I sure as hell don't. It bothers me when every time something like this
happens, the question is always, "How could we have caught this?" or "how can
we make sure she didn't get a gun?" or "how could we have institutionalized
her?"

It's much more useful to talk about how to come to terms with the absolute
chaos in our world and structure your life around the principle that the world
is a fragile and dangerous place. Anyone can drive their car across the
centerline. Any two-bit dipshit can learn how to make aluminum powder bombs
and terrorize an entire city. Some crazy incel can walk up to your office and
fuck your whole life up as you're leaving for lunch.

This will always be the case. I don't understand why people think it's
reasonable to suggest that we can ever live in a world where your mortality
isn't seriously exposed, or that it would be a world that would be nice to
live in. Unless you're completely out of your fucking mind, most people are
incapable of truly coming to terms with it and going about their day, willing
to die at any time. Everyone else is afraid, and probably always will be.

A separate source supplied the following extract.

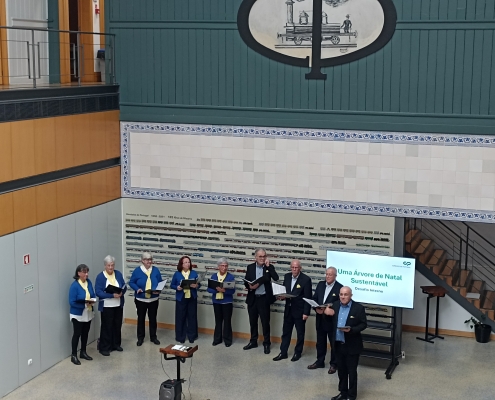 Decorreu no dia 18 de dezembro, no Rossio, uma das ações de Natal deste ano, promovidas pela CP junto dos trabalhadores, com a entrega do prémio do Desafio Interno “Uma Árvore de Natal Sustentável” e um lanche convívio.

I think some people cope with the fear by deluding themselves into thinking
security is just around the corner, if only we can just fix a few things like
gun access and mental invalids. We just need to do a few things just a little
bit better, and then it's all going to be great. These people live in a
fantasy world.

Others cope with the fear by isolating themselves and their families, avoiding
cities and anyone unlike themselves, maintaining a small circle of trust,
neanderthal style. This is antithetical to classical liberal values and thus
is unappealing for most young and open-minded people.

If you think you reject both of these approaches, I think you're probably just
in denial.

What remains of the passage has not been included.